When Kwame Nkrumah gained freedom for Ghana, he ordered for seats that combined the best ideas of the governor’s chair and that of the traditional rulers of the southern part of Ghana for his use.

It was from this integration and modernization that the Asεsεgua and the Asipim were designed, becoming what is now referred to as the Presidential Seats.

They were designed by Kofi Antubam, a Ghanaian artist and designer whose works of art depict understated aspects of community life in Ghana.

The symbolisms of the Presidential Seat:

Also known as the Seat of State, the Presidential Seat is made up of various adinkra symbols, as well as some borrowed ideas.

The seat is carved in wooden but overlaid with gold - to symbolize the life and sovereignty of Ghana, and is made up of adinkra symbols including the Osramfa, Okosuasu, Kontonkurowi, Kuntinkantan or Anantwurom, Aborobe, Dadebene or Ahokera wo, Abankuo, Ghana Soroma-Bire, Ananum, Puruw, Ananum, Owo-Koforo-Adobe, Akosane (Dame-Dame), Krapa (MusuYide) and Nkyinkyim.
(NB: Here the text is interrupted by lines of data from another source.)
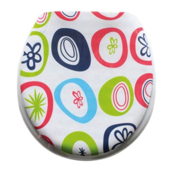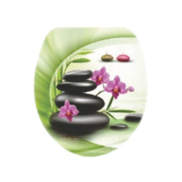 Capac pentru WC universal, cu burete, model floare, roz, 410 x 360 mm
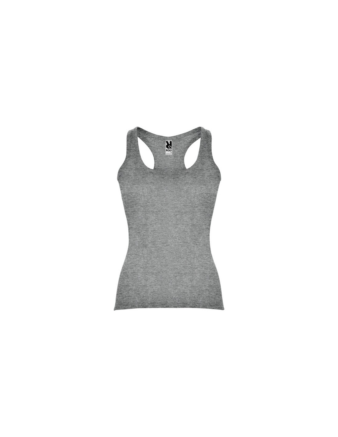 Camiseta entallada, con sisas y escote ribeteado, ancho y enrollado. Espalda estilo nadadora y costuras laterales.
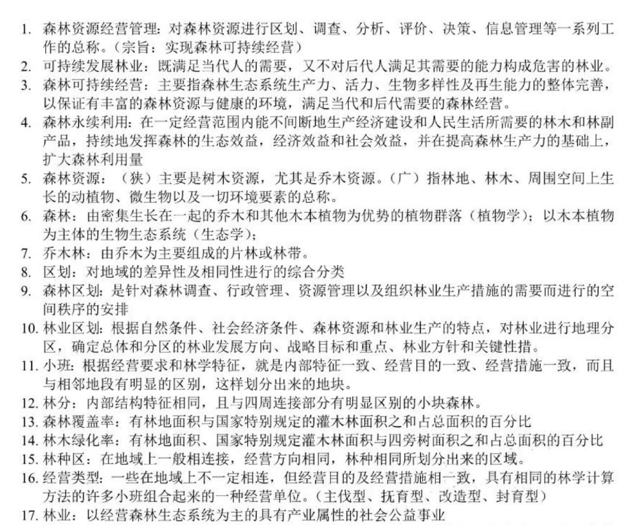 备考《森林经理学》,最致命的误区是把它当成“林业政策汇编”或“公式计算手册”——沉迷于背诵森林区划、资源调查、收获调整、永续利用的条条框框,死记硬背各种生长量、蓄积量、采伐量的计算公式,结果遇到“某林场要编制一份十年经营方案”这类实际问题时,只会罗列一堆调查数据和公式,却看不见这些数字背后是一个动态的、复杂的森林生态系统。这门课的本质不是政策条文,而是以实现森林永续利用为目标,对森林资源进行调查、规划、决策、调控的系统性经营科学
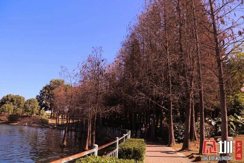 围绕湖周围的,就有颜色各异的簕杜鹃,与湖面照映,别有一番风味。环湖边还有一片落羽杉,秋冬季节,彩叶斑斓,美不胜收。
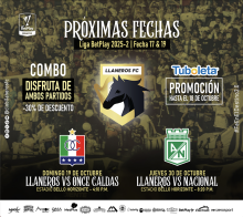 COMBO LLANEROS VS ONCE CALDAS Y NACIONAL 2025-2 Estadio Bello Horizonte - Rey Pelé (Villavicencio) Villavicencio 19 Oct Dom 19 Oct COMBO LLANEROS VS ONCE CALDAS Y NACIONAL 2025-2 Villavicencio 16 Oct Jue
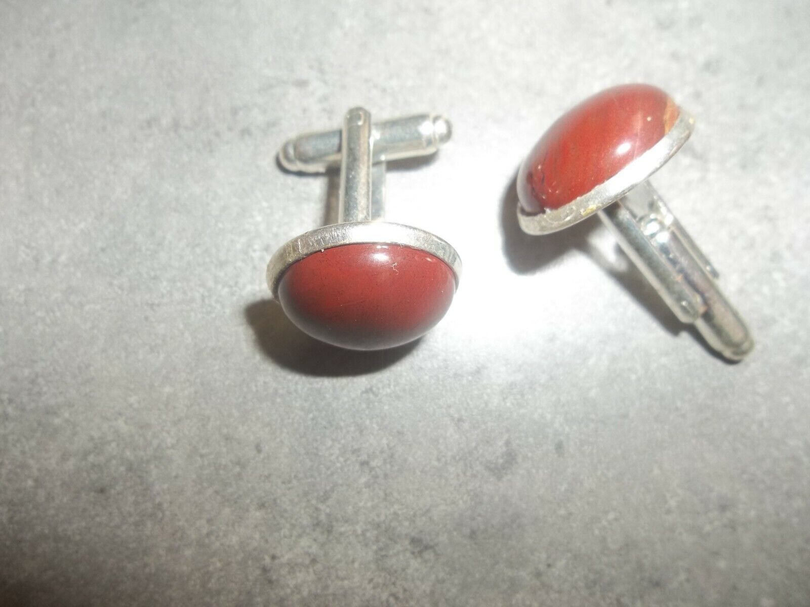 This cuff-link set is done with jasper cabs. The stones are beautiful. I have done my best to match up the stones then I set them to have as closely matched pair as possible. Silver plated brass settings. Very nice. The stones are cut with a flat back and actually set in rather deep on the settings. I am very happy with how they turned out. I have made several pairs of a couple different kinds. Take your time looking through them. Very beautiful stones. You are always welcome to contact me as well. Happy to do custom orders of any sort.
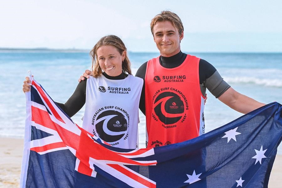 2024 Australian Longboard Champions Tully White (Open Women) and Declan Wyton (Open Men). Credit: Hannah Jessup / Surfing Australia
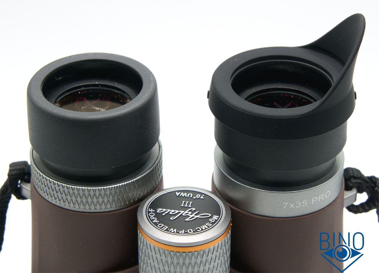 Окулярное поле зрения у Aglaia III 7x35 очень хорошее, около 68,4 градуса, в картинку великолепное погружение. Этому способствуют также более удобные (узкие) наглазники, чем у SRBC моделей (кроме версии 6х32).
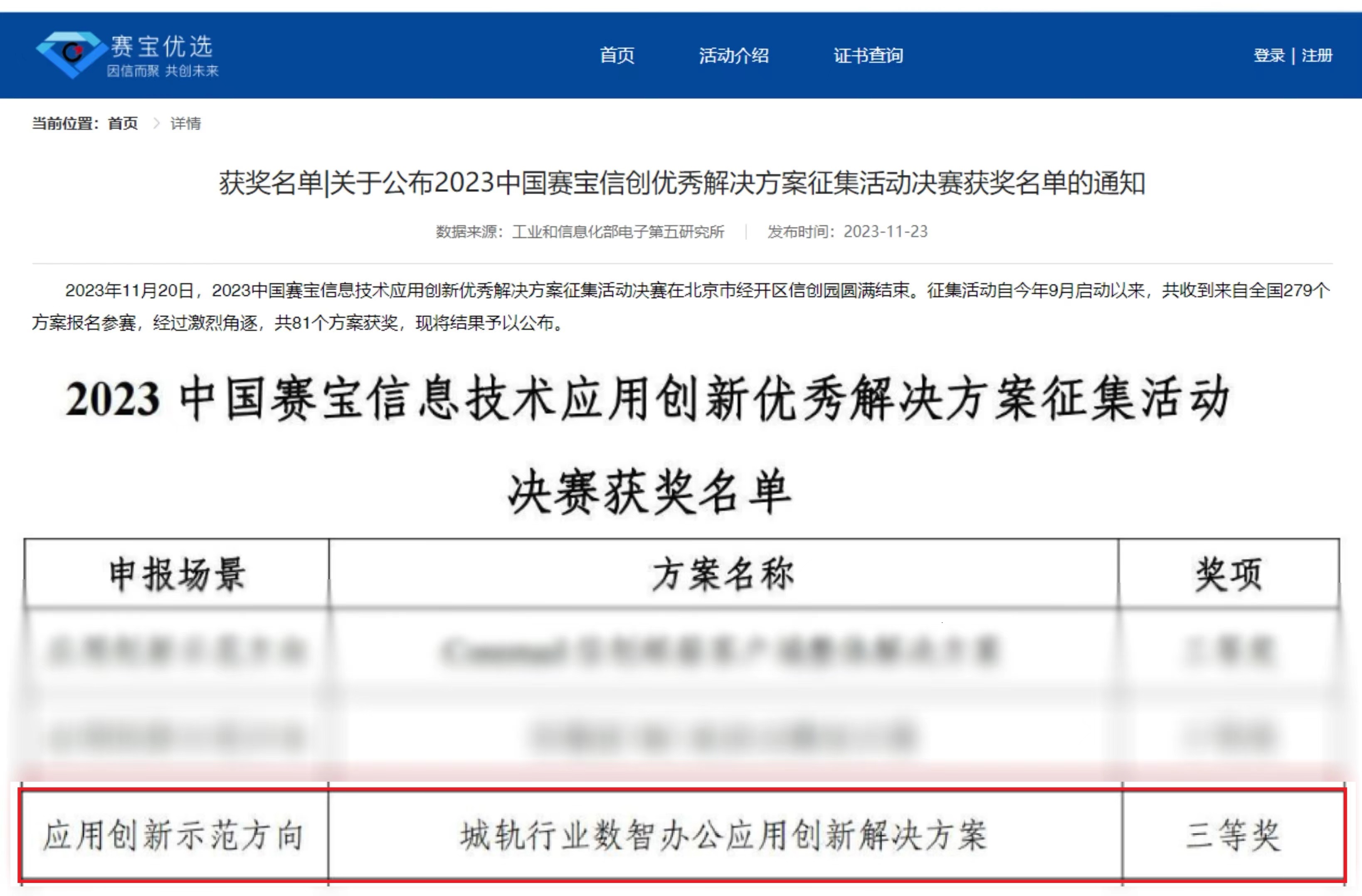 擎云科技《城轨行业数智办公应用创新解决方案》经历了活动报名、形式审查、初赛评审、决赛路演、结果公示等多个环节的层层考察,最终被评定为“应用创新示范三等奖”。

In designing the Asεsεgua, it was expected to “represent some of the basic communal principles which have guided the lives and activities of the Ghanaian society throughout the ages.”

The original design of the Asεsεgua included flat wooden wings at both sides of the arm-rest but these were removed. And to aid its movement, the design of the Asεsεgua consisted of three pieces which fit into each other to make the seat. For the purposes of this discussion, the researcher divided the Seat of State into three (3) parts. The back rest forms the first part, the Asεsεgua forming the second part with the Foot Stool and the base of the Asεsεgua forming the third part.

The seat also invokes not only African pre-colonial emblems of power, but also European aristocratic imagery. The upper part, and the arm rests which are topped with small golden crowns, are designed like a British monarch’s throne.

The Vice President’s Seat (Asipim):

According to Jerry Orhin Yorke, although it is currently being used as the Vice President’s Chair, it is recorded that Dr. Kwame Nkrumah used this chair at different sittings at Parliament House when he was president.

Just like the Presidential Seat, this chair has almost all the adinkra symbols found on the other chairs and in terms of size, it is the smallest of the three State Seats.

It is also gold-plated with pure gold, as is the others, but this chair has no foot rest.

The back rest of this chair is without any superimposition of an Adinkra symbol but is rendered in a plain navy blue colour, and resting on it are two eagles with their feet supporting the Adinkra-Hene (a traditional Ghanaian three-circled symbol of sovereignty) with Krapa (MusuYide) symbol of wisdom and knowledge, superimposition of Krapa symbol at the centre.

The excessive use of the Owo-Koforo-Adobe (zigzag motif) which symbolises the exercise of wisdom in human relationships is an indication of what is expected of its occupants.

On the inner sides of the extended flat legs that support the armrests are two black stars carved in a circle.